Figure 12. Jitter quantiles

The following chart aggregates the quantile plots for measurements from 10 separate tests. Each test clearly has a different median value. This chart allows the latency delay performance for each message size test to be compared quickly. For example, the slope of the line for each test and the point at which the tails form is seen to be consistent for all test cases.

Figure 13. UDP - Latency quantiles per message size

THROUGHPUT

The OpenDDS-Bench framework preconfigured throughput tests include different test topologies, sample rates, and sample sizes. The throughput for each of these cases is extracted and can then be plotted. In addition to the measured throughput data it is typical to include the specified test bit rate and the network capacity on the chart to bound the test data. For tests with bit rates lower than the network capacity, the measured throughput is bounded by the specified rate. For specified bit rates higher than the capacity, the capacity bounds the measured throughput.

The network capacity is both theoretical and practical. The theoretical capacity is the rated network bandwidth, such as 100 Mbps or a Gigabit network with 1 Gbps capacity. The practical throughput can be estimated by using a typical transfer at maximum rate and measuring the achieved throughput. Transfers using the ftp protocol are commonly used to characterize practical limits on network usable bandwidth.

The following chart shows the results of two test topologies: bidirectional, and publication bound using a UDP transport implementation. They were executed in five separate test cases with different message rates and message sizes. The network was rated as a Gbps network, and the practical limit of the network was determined by transferring ftp data as fast as possible. The ftp performance was 595 Mbps, or just under 60% of the theoretical rated capacity.

The black horizontal line is the rated network capacity limit. The red horizontal line is the practical network capacity. The orange diagonal line is the specified test throughput. While this line is below the network capacity lines, it will bound the measured throughput. This is observed for both test topologies. Once the practical network capacity is reached, both tests then reach a throughput limit, one higher than the other. Since the bidirectional topology sends the message traffic from both the local and the remote host, they will collide as more traffic is added, resulting in dropped packets and the limit similar to the ftp protocol, which also includes back flow traffic. The publication bound test topology sends samples from the originating host to two separate terminating hosts. No traffic from the receiving hosts to the sending host is generated, which results in somewhat more of the theoretical bandwidth being used.

Figure 14. Bidirectional throughput tests

Summary

In this article we have discussed the various types of measurements taken for OpenDDS performance testing and evaluation. Issues with the measurements and their interpretation were touched on. A discussion of the ways to summarize the data as statistical values and as charts was undertaken. The charts that are available from the OpenDDS-Bench performance testing framework were identified and discussed. See theOpenDDS-Bench Users Guide[2] for details on how to setup and execute the preconfigured tests. The framework also provides scripts to perform data reduction to the formats needed to produce the charts discussed in this article.

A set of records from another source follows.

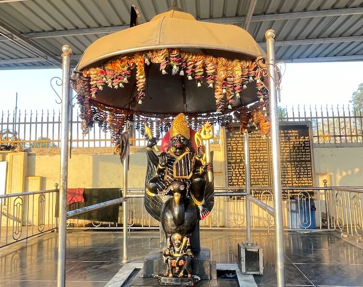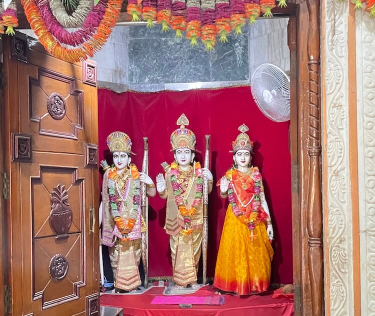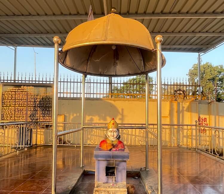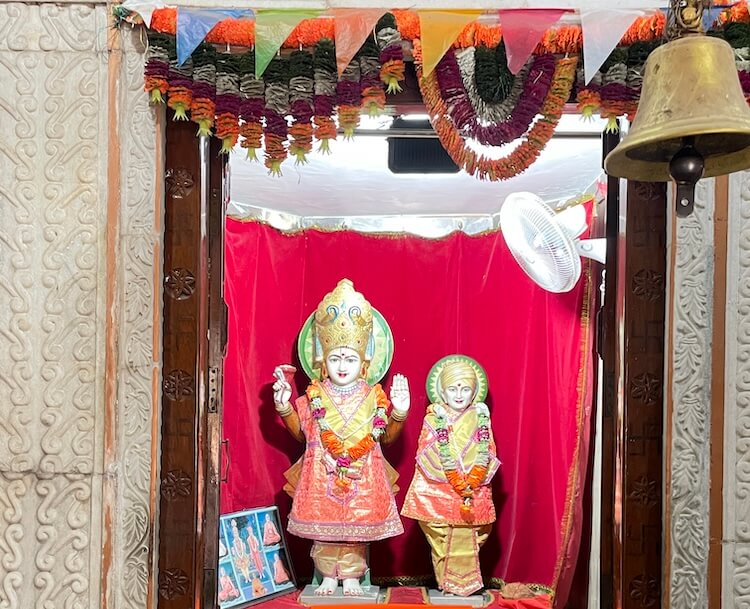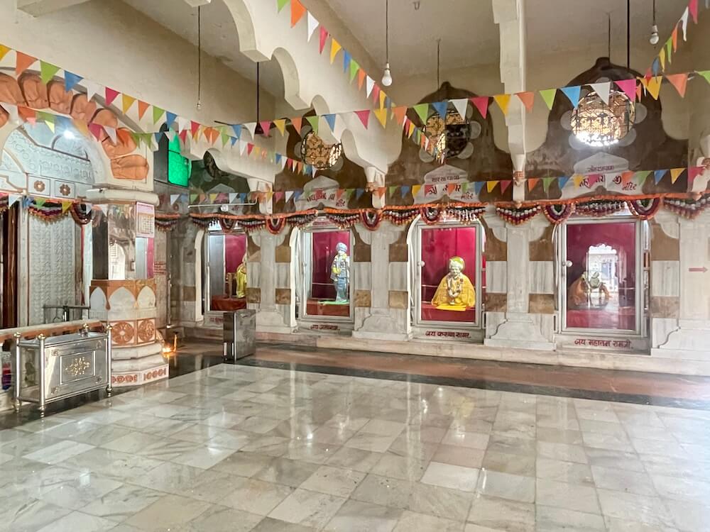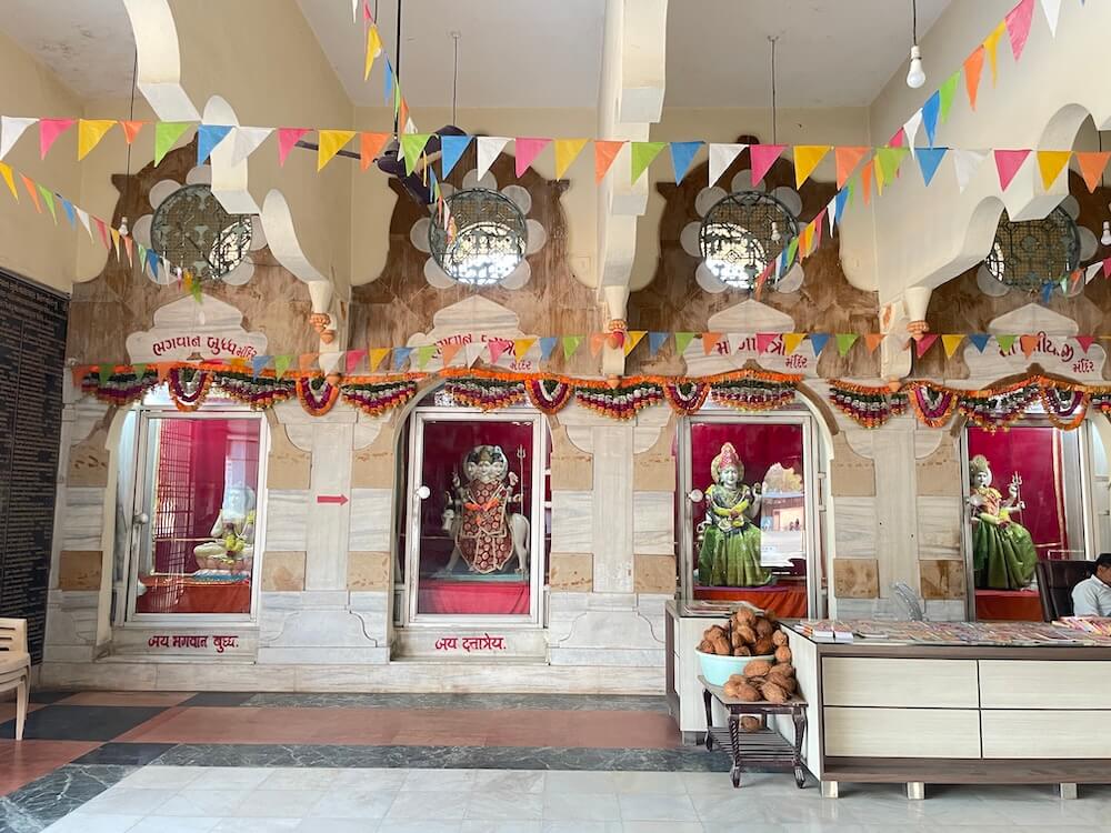 From the darshan mandap, a pradakshina path (circumambulatory passage) runs around the temple. From here, one enters the spacious sabhamandap (assembly hall). Along the left and right walls of this hall are structures resembling subsidiary sanctums in which numerous idols of deities and revered saints have been installed. Among them are images of Bhagavan Buddha, Sai Baba, Dattatreya, Ambamata, Saraswati, Mahakali Devi, Lalji Maharaj, Kupla Nandji Maharaj, Ramdev Pir Baba, Mahavir Swami, Mahatam Ramji, Karuna Sagar and Jalaram Bappa.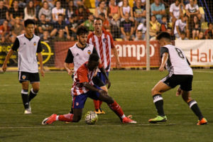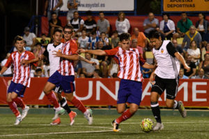 Un partido para la leyenda le permitió al Atlético de Madrid discutir como nunca ante el Valencia CF. De un duelo mayúsculo, con tanto hueso como buen fútbol, el equipo rojiblanco alzó al cielo de l’Alcúdia la copa de la XXXIV edición del COTIF. Y lo hizo en un momento simbólico por su fabulosa dimensión en todas las categorías, lo que revaloriza más si cabe su victoria en Els Arcs. Fue un encuentro sin tiempo para parpadear, con dos conjuntos llevados al sofoco casi inhumano, con dos partes y una prórroga muy igualadas. Un Atlético de Madrid incansable y un Valencia CF férreo. Al final, la tanda de penaltis dio la gloria al conjunto colchonero.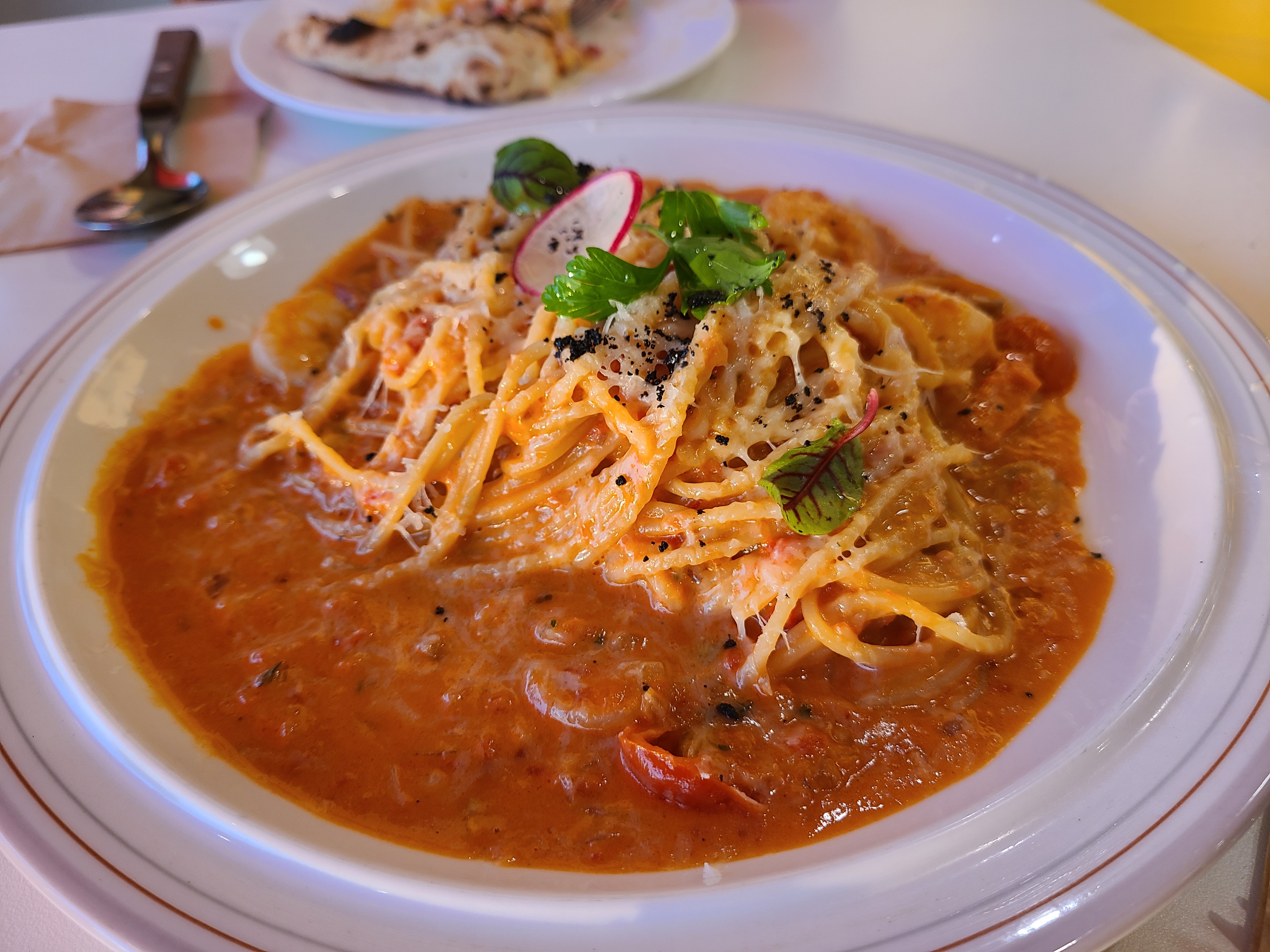 6. 로제 파스타가 나왔는데 피자 도우 남은 부분을 파스타 소스에 찍먹하니 이것도 일품이더군요. 파스타는 왕새우가 듬뿍 들어가서 식감도 좋았네요.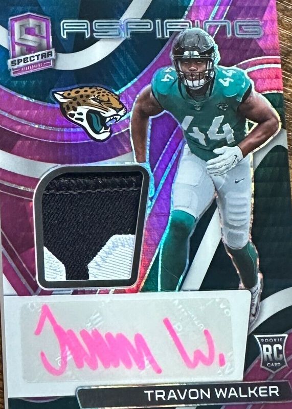 The Travon Walker 2022 Spectra #APA-TWA Aspiring Patch Autographs - Neon Pink /25 Rookie card in Raw condition has not changed in price in the last 30 days and was last sold for $10.51 .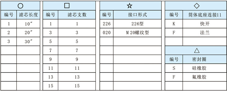 TC系列不銹鋼過濾器有固定式和小車翻轉(zhuǎn)式二種形式,濾殼有上下進出料和左右進出料二種,濾芯采用燒結(jié)的鈦合金濾棒,常規(guī)接口為226和M20螺紋二種,特殊規(guī)格我們可根據(jù)客戶的要求進行設(shè)計加工。產(chǎn)品訂購信息Ordering InformationTC--○-□一☆一◇一△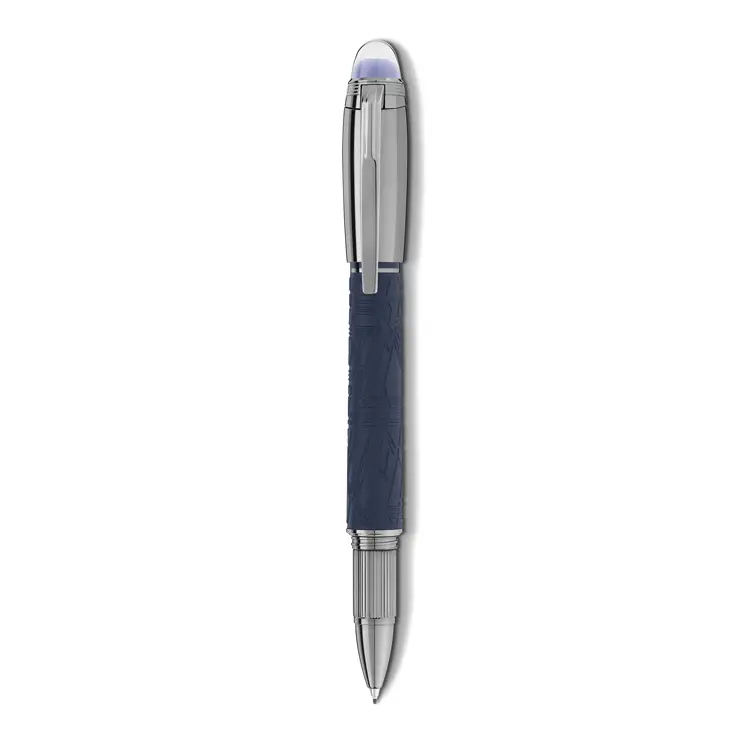 Typickým znakem kolekce je ikonický průhledný vršek s plovoucím emblémem Montblanc, který vytváří dojem, jako by se vznášel ve vzduchu – připomínka nekonečného prostoru a lidské touhy po objevování. Tělo per je vyrobeno z luxusních materiálů – od černé pryskyřice až po modely v kovovém provedení, doplněné o precizně opracované detaily z platinového nebo rutheniového kovu.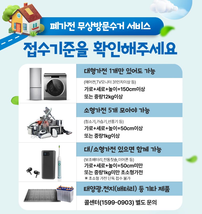 ✔ 중소형 가전 포함 여부 : 전자레인지, 공기청정기, 정수기, 선풍기 등도 지역에 따라 수거 대상에 포함될 수 있음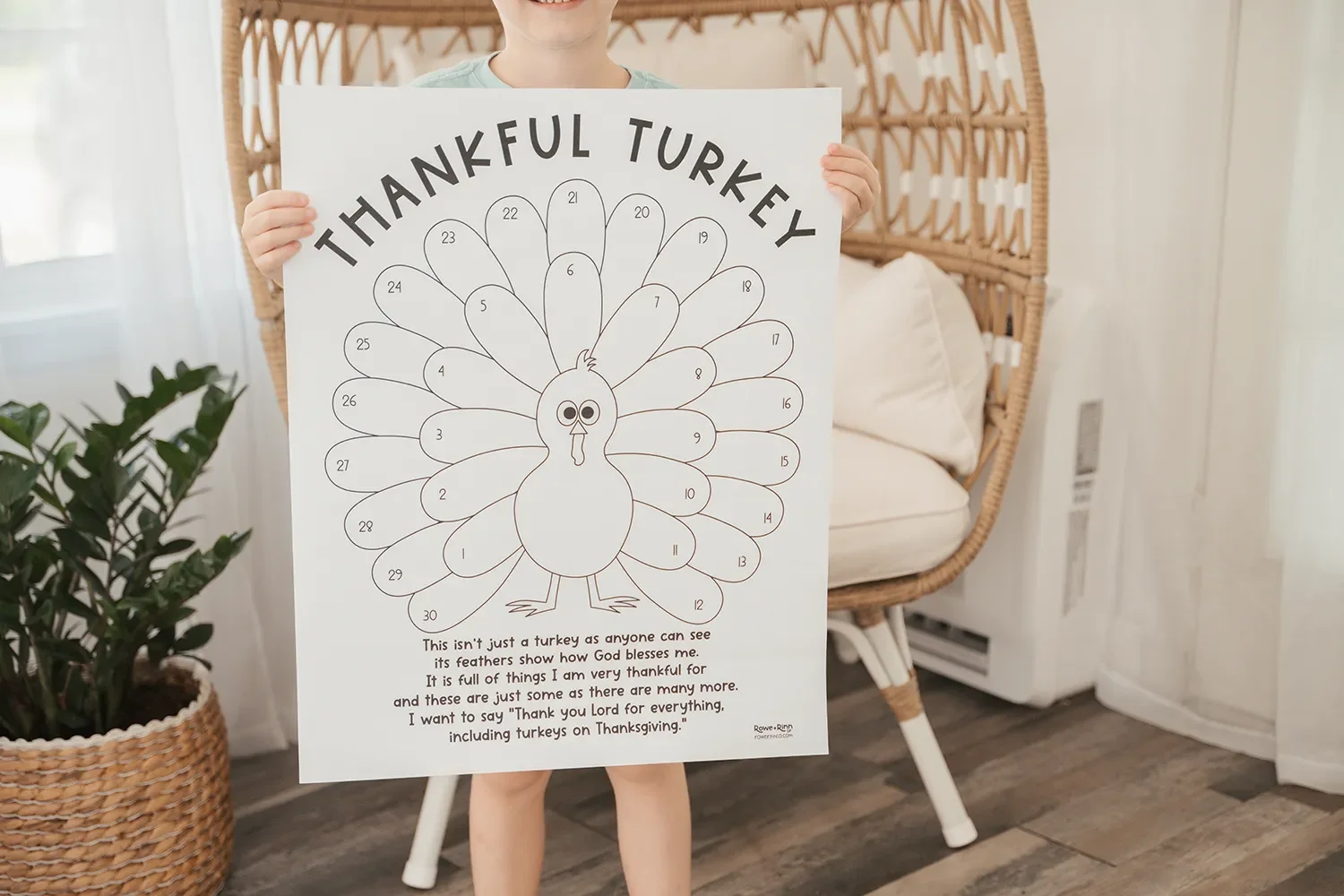 This printable is a 18x24” poster. Each day, starting on November 1, your children can color the date’s feather and write in what they’re thankful for that day. This will help them recognize their daily blessings and thank God for them! Then allow them to pray with you and thank God for what He has given them.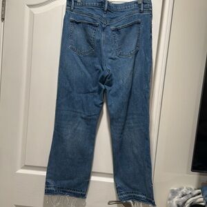 Purchased distressed. Barely worn. Straight leg ankle length.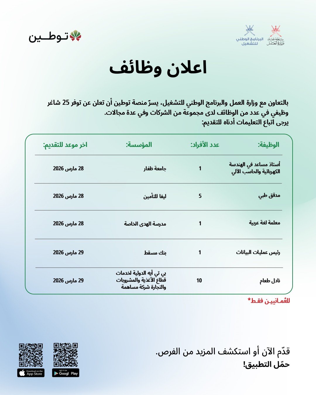 منصة توطين - توفر 25 شاغر وظيفي لدى مجموعة من الشركات وفي عدة مجالات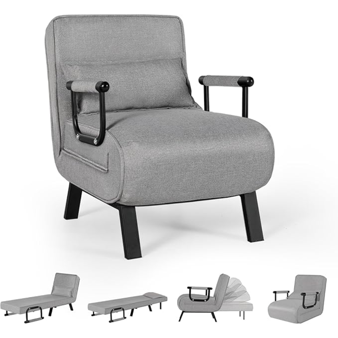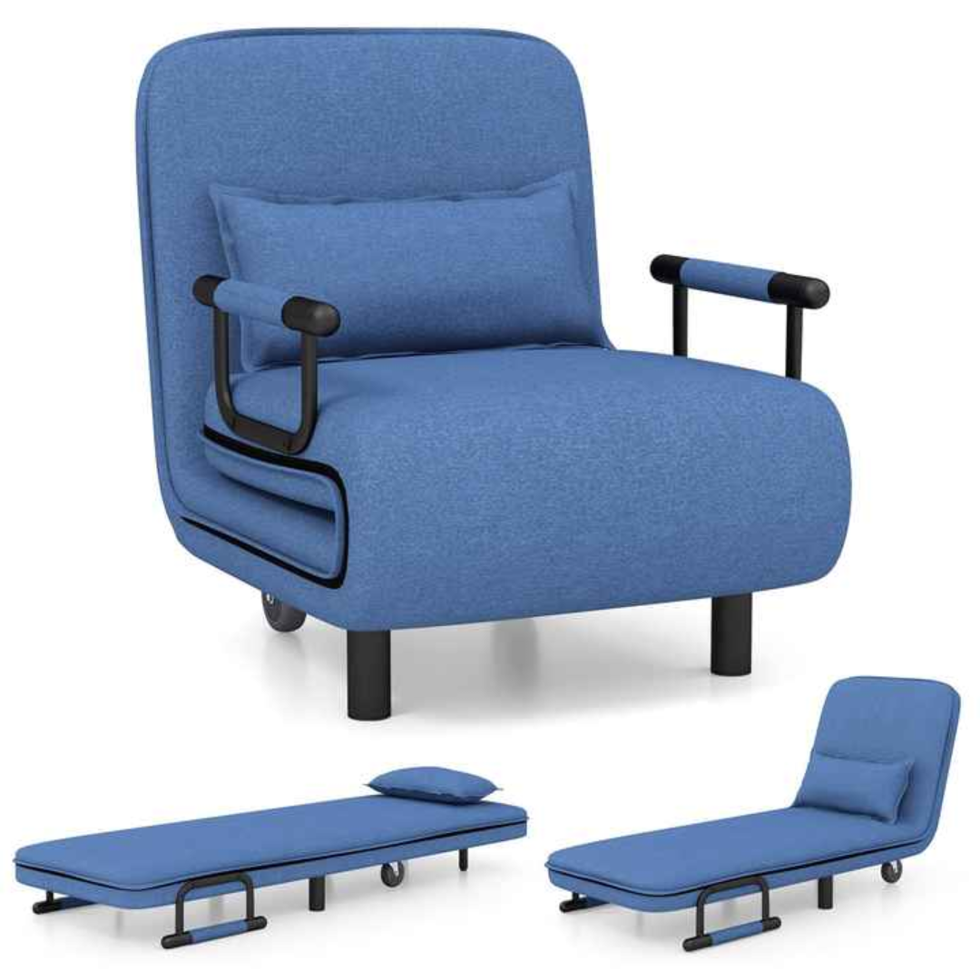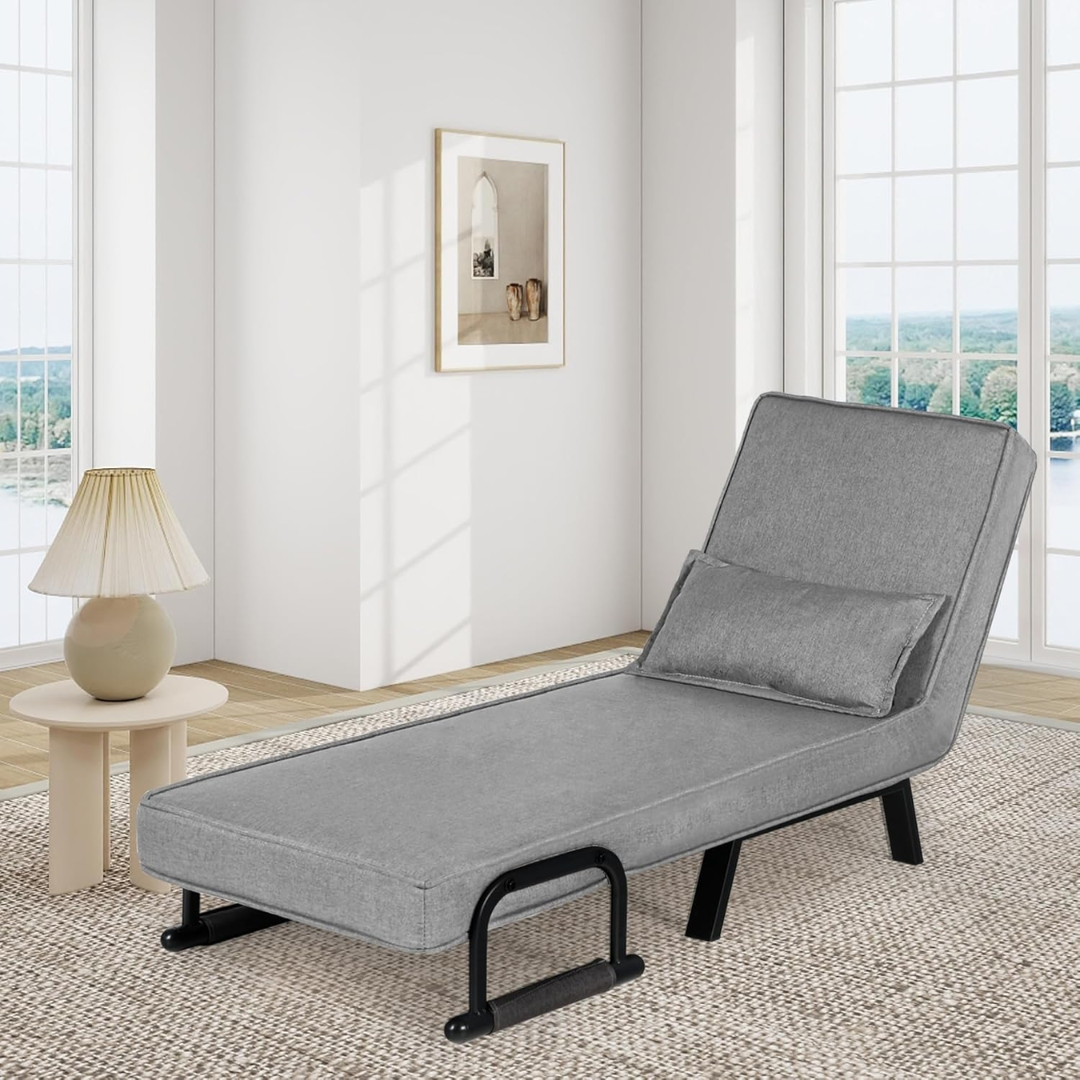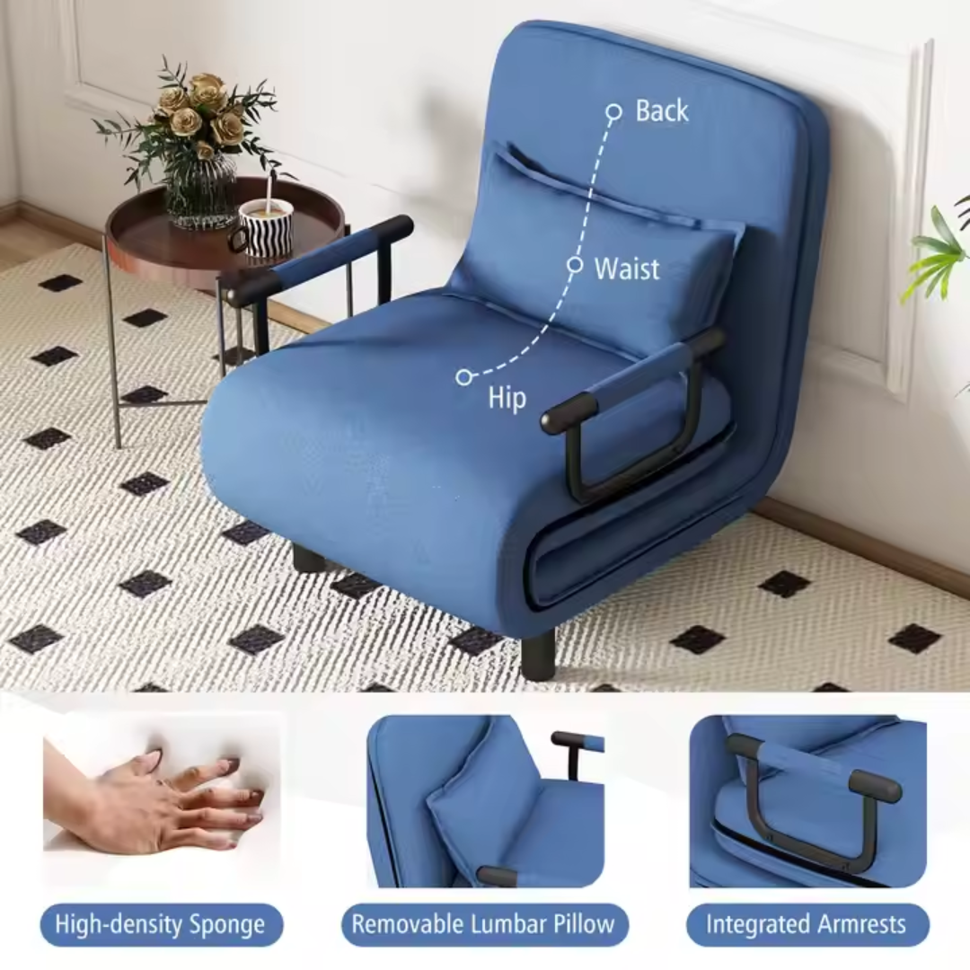 Търсите удобно, практично и модерно решение за малко пространство? Този разтегателен диван 3u1 това е перфектна смес компактност и комфорт.. Той незабавно се превръща от фотьойл в шезлонг или легло, в зависимост от това дали имате нужда от място за четене, почивка или сън.

The knowledge of the chart types and what they represent will be valuable in reviewing the existing and future performance testing results for OpenDDS that will be published. OpenDDS users can generate these charts locally for target system environments. They can then evaluate and compare the various performance parameters applicable to the desired system operation. The example charts were generated from testing in a low performance desktop environment and should not be used as a basis for evaluation of OpenDDS. Users are encouraged to use the OpenDDS-Bench performance test framework on their own systems to evaluate OpenDDS for suitability.